Judging starts on Sunday. I recommend trying to go to one ARBA convention if you're into rabbits, even if you don't show. It's mind boggling the number of breeds and rabbits thatshow up! It doesn't cost anything to look around either.


----------



## littl3red (Oct 16, 2012)

I don't think it'll happen this year, but I might try to go next year. That weekend just won't work for me, and I have school/work/volunteer time during the week.


----------



## Thumperina (Oct 22, 2012)

Hm, it's right where I live. 
Will there be anything interesting to do (or watch) for a regular bunny owner who don't show her rabbits?


----------



## Thumperina (Oct 22, 2012)

*majorv wrote: *


> Judging starts on Sunday. I recommend trying to go to one ARBA convention if you're into rabbits, even if you don't show. It's mind boggling the number of breeds and rabbits thatshow up! It doesn't cost anything to look around either.

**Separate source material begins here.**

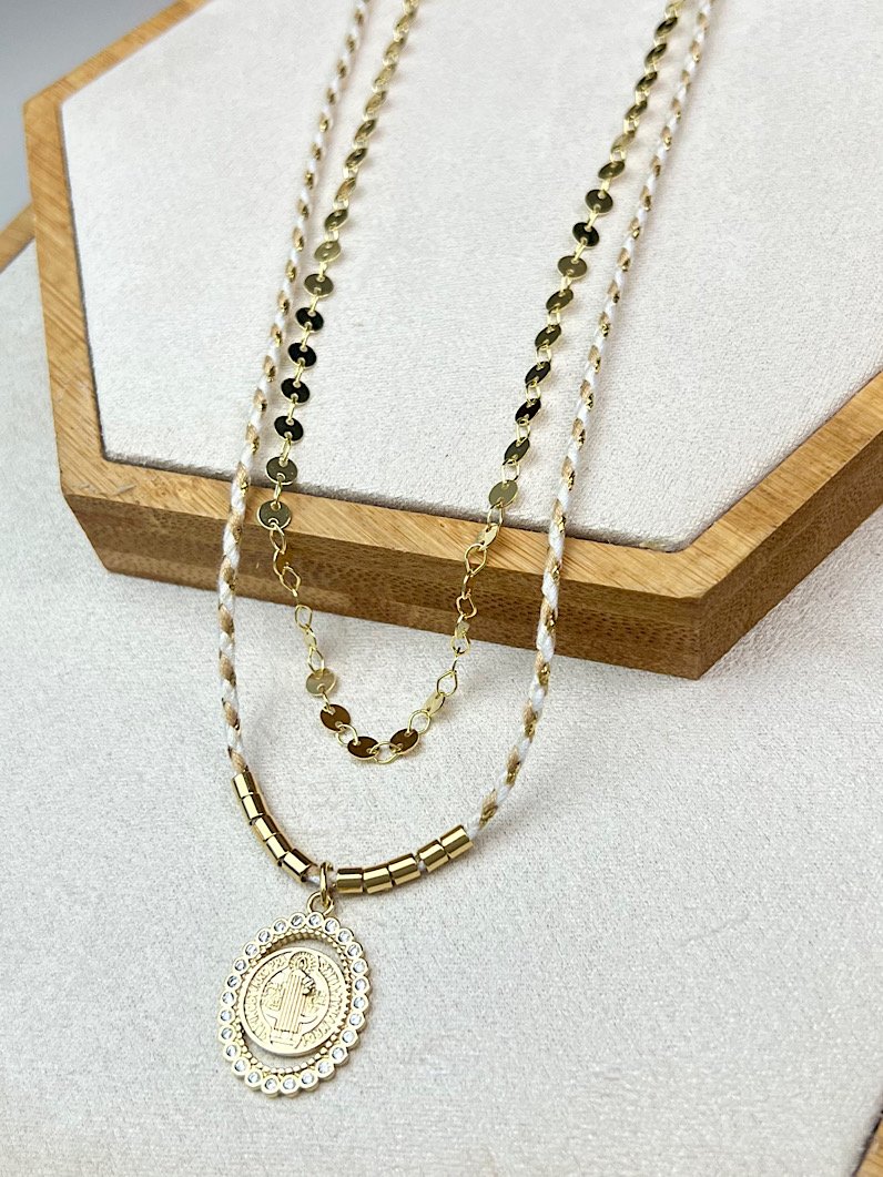 O Colar Duplo Estela de São Bento Cravejado Dourado é a combinação perfeita entre fé e sofisticação. Com duas correntes delicadas em composição harmoniosa, a peça traz como destaque a medalha de São Bento, ricamente cravejada, proporcionando brilho e elegância na medida certa.

Cool, coz my next question would be if those who watch need to buy tickets


----------



## woahlookitsme (Oct 22, 2012)

Nope it's free to the public


----------



## Thumperina (Oct 22, 2012)

Thanks! Which day (or particular event) do you suggest to attend to a regular bunny owner?


----------



## woahlookitsme (Oct 22, 2012)

Well starting on Friday everyone is moving in and getting settled. Saturday gets a little more busy and like my mom said judging starts Sunday and goes until Monday. I believe the presentation rabbits start Tuesday (these are the new breeds and colors of rabbits and cavies trying to get passed) by Wednesday all rabbits are released. I'm not sure what events they are going to have this year but all the booths have small raffles for the public to help raise money for the club and tons of info about each breed. 

Here is the website and they have a schedule for the barn.
http://www.heartland2012.com/


----------



## The Turtle (Oct 22, 2012)

Definitely figure on a day to walk around and look at everything; it'll blow your mind, particularly if you haven't bred and shown. It's an enormous world and there's a lot to see and many people to talk to. I wander around and look at breeds I don't normally see at regional shows. I know at Indianapolis there were more than 2000 each of Holland Lops, mini rex, Netherlands, mini-lops and Dutch, and over 600 Flemish.

The Best In Show judging can also be pretty spectacular, the closest thing we get to the Super Bowl or the World Series.


----------



## RoyalLions18 (Oct 22, 2012)

I cant go, but i have 3 lionheads coming back....cant wait for them


----------



## majorv (Oct 22, 2012)

Final count on the entries - 21,651 rabbits entered....awesome!


----------



## Bunnylova4eva (Oct 22, 2012)

majorv wrote:


> Final count on the entries - 21,651 rabbits entered....awesome!



WOW I want to come SOO badly!


----------



## fuzz16 (Oct 23, 2012)

I am going on friday  Super excited


----------



## woahlookitsme (Oct 25, 2012)

Yay Brenda! 

AHH We leave tomorrow I am so stoked! I have 4 out of the 7 sale rabbits pre-sold and two people have inquired on the bucks remaining. 

I might have to take pictures using my phone because I currently can't find my camera  Maybe it will turn up but if not my phone will suffice. Mom is also bringing hers.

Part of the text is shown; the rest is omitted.